Ilsutrasi pembagian daging kurban. Foto: badriologi.com. |
Oleh M Abdullah Badri
TERJADI di banyak tempat di Indonesia, dimana panitia kurban di masjid atau mushalla biasanya diberi hidangan berupa daging yang diambil dari sebagian daging yang hendak dibagi. Bagaimana sih hukumnya?
Dalam banyak kitab fiqih, daging kurban harus ada yang diberikan kepada yang berhak, harus fakir miskin dan bukan orang kaya. Hanya satu orang fakir saja sudah cukup. Asal yang diberikan itu adalah daging, bukan lemak atau kulitnya. Sekali lagi, dagingnya.

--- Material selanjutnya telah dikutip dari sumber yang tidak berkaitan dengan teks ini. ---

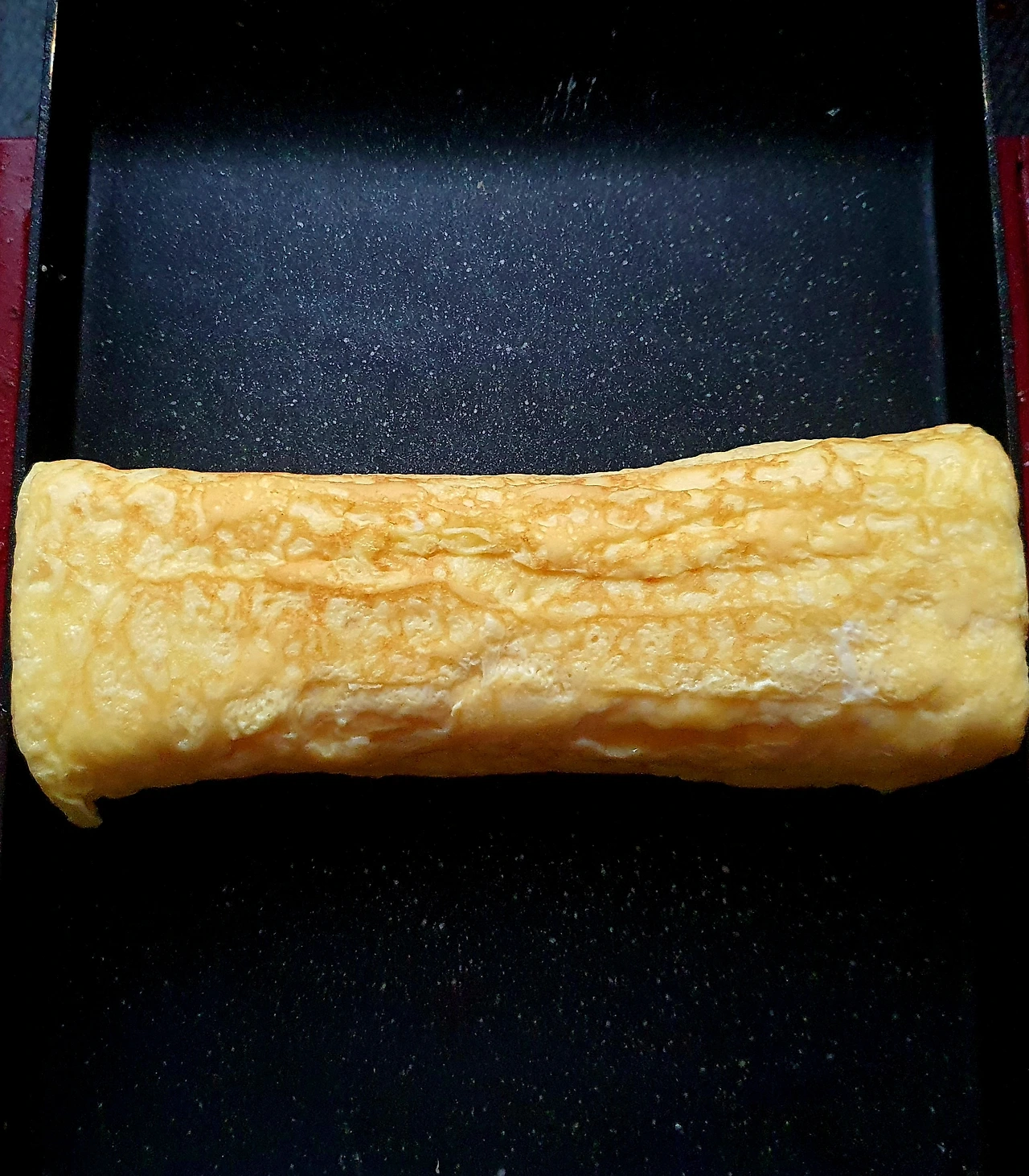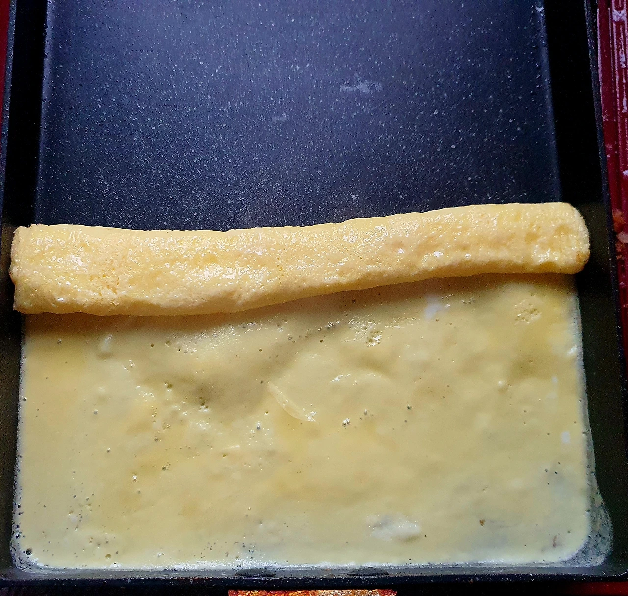 • 달군 팬에 식용유를 살짝 둘러 키친타월로 고루 닦아 준 뒤 약불에서 계란물을 적당량 부운 후 돌돌 말아 통통한 계란말이를 완성해 준다.

Jika proses penyembelihan hingga pembagian hewan kurban diserahkan (tafwidl) kepada panitia, panitia wajib membagikannya kepada mereka yang berhak. Atas nama panitia, mereka tidak berhak menerima apapun dari daging kurban, dimana mereka hanya diberi tugas membagikannya saja, bukan memakannya. Panitia boleh menerima daging kurban atas nama yang berhak (mustahiq) atau atas nama orang kaya (yang wajib mengeluarkan zakat), sebagai hadiah (yang tidak boleh dijual).
Baca: Apa Benar Kurban 1 Onta Untuk 10 Orang?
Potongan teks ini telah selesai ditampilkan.